MINIATURES
Exploring the Monstrous and the Miniature
BA(Hons) FINE ART
FALMOUTH UNIVERSITY
24 FEB - 11 MAR 2023
GRAYS WHARF GALLERY
ABOUT THE EXHIBITION
‘Monsters themselves are defined, most basically, as ambiguities.’
- Patricia MacCormack, Posthuman Teratology
For the third consecutive year, students from the BA(Hons) Fine Art course at Falmouth University present an exhibition of miniature artworks at Grays Wharf. This year’s project invites students to explore, respond to and engage with some aspect of ‘the monstrous’.
The monstrous can be broadly understood as a confounding eruption of ambiguity that resists definition and categorisation. (1)

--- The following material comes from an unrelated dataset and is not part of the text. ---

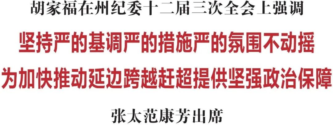 胡家福强调,今年是贯彻落实党的二十大精神的开局之年,也是延边振兴发展迈入新十年的起步之年,推进全面从严治党具有特殊重要的意义。全州各级党组织和纪检监察机关要切实增强新时代新征程上管党治党的政治自觉,坚持严的基调、严的措施、严的氛围不动摇,坚定不移推动全面从严治党向纵深发展。一要强化政治监督,确保党的二十大精神落地生根。坚持不懈用习近平新时代中国特色社会主义思想凝心铸魂,着力推动党的二十大精神、党中央决策部署同部门、行业、领域实际紧密结合,以强有力的政治监督把习近平总书记的谆谆教导、殷殷嘱托转化为真抓实干、务求实效的具体行动,确保各项事业始终沿着习近平总书记指引方向砥砺前进。加强对“一把手”和领导班子监督,坚决纠治有令不行、有章不循、有禁不止,切实打通贯彻执行中的堵点淤点难点。进一步强化党员干部政治能力建设,着力提高政治敏锐性和政治鉴别力,坚决纠治一切偏离“两个维护”的错误言行,坚决杜绝任何形式的“低级红”、“高级黑”。二要坚持“三不腐”一体推进,持续强化正风肃纪反腐。要减存量遏增量同步推进,坚持无禁区、全覆盖、零容忍,坚决查处政治问题和经济问题交织的腐败,深挖彻查行业性、系统性腐败,精准施治新型腐败和隐性腐败,完善政策制定、审批监管、执法司法等关键权力的监督制约,决不让党和人民赋予的权力变为少数人谋利的工具。要纠“四风”树新风同时发力,把中央八项规定精神作为必须长期坚持的铁规矩、硬杠杠,推进作风建设常态化长效化,让人民群众感受到实实在在的变化和成效。要党性党风党纪一体贯通,坚持边查处问题、边完善制度机制,将正反两方面教育和营造良好党内政治生态贯穿其中,发挥扶正祛邪、固本培元的作用,确保党员干部做到自觉尊崇纪律、敬畏纪律、维护纪律、严守纪律。三要健全完善监督体系,着力把制度优势转化为治理效能。要增强监督合力,把党委(党组)全面监督、纪委监委专责监督、党的工作部门职能监督、党的基层组织日常监督、党员民主监督等结合起来、融为一体,推动形成上下联动、左右协同、齐抓共管的监督工作格局。要抓实日常监督,综合运用谈心谈话、检查抽查、受理举报等方式,对党员干部身上的苗头性、倾向性问题,早发现、早提醒、早纠治,避免“小毛病”拖成“大问题”,“微腐败”变成“大祸害”。要深化基层监督,运用大数据平台等科技手段,及时发现和解决侵害群众利益问题,监督保障各项惠民富民、共同富裕政策措施落实,持续纠治教育医疗、就业创业、养老社保等领域腐败和作风问题。要健全专责监督,加强纪委专责监督与其他各类监督主体的工作对接,进一步发挥派驻监督作用,合力构建以纪检监察专责监督为主干、党内监督为主导、各类监督贯通协调的监督体系。四要服务保障中心大局,在加快推动延边跨越赶超上展现新担当新作为。要督促推动责任落实,充分发挥纪检监察机关监督保障执行、促进完善发展作用,紧盯各级各部门履职尽责、党员干部担当作为等方面开展靶向监督,围绕贯彻州委、州政府确定的目标任务和重点工作开展监督检查。要持续深化作风转变,建立健全风腐同查、同审、同析机制,更加突出纠治形式主义、官僚主义问题,对享乐奢靡、顶风违纪的露头就打。要激励干部担当作为,坚持严管厚爱结合、激励约束并重,打出容错纠错、澄清正名、严查诬告陷害“组合拳”,做到围绕中心不偏移、服务全局不犹豫、促进发展不动摇。五要加强纪检监察干部队伍建设,以铁的纪律打造忠诚干净担当的铁军。要强化政治能力,从内心深处增强政治认同、思想认同、理论认同、情感认同,切实做到忠诚核心、拥戴核心、紧跟核心、捍卫核心。要强化专业素养,加大纪检监察干部的培训力度,增强法治意识、程序意识、证据意识,持续推进纪检监察工作规范化、法治化、正规化建设。要强化自我监督,规范执纪执法权力运行,始终坚持“刀刃向内”,坚决防治“灯下黑”,为纪检监察干部架起“高压线”、建好“防火墙”。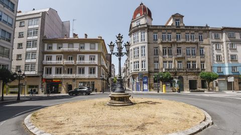 A la espera de la remodelación de la plaza, la rotonda de la Praza de Galicia ofrece una imagen desoladora este verano

The monstrous gives voice and agency to those othered, marginalised and demonised by the status quo. Leaning into and embracing monstrosity can be understood as a subversive inhabitation of that which is queer, weird, wonky, abject or awkward… (2)
Monstrosity in a generative sense is a celebration of symbiotic entanglement – of teeming, diverse and disobedient life. But a more destructive sense of the monstrous lurks in the toxic terrors unleased by humans – pollution, pathogens, plastics etc. – that seep into and corrupt fragile living systems, both big and small. (3)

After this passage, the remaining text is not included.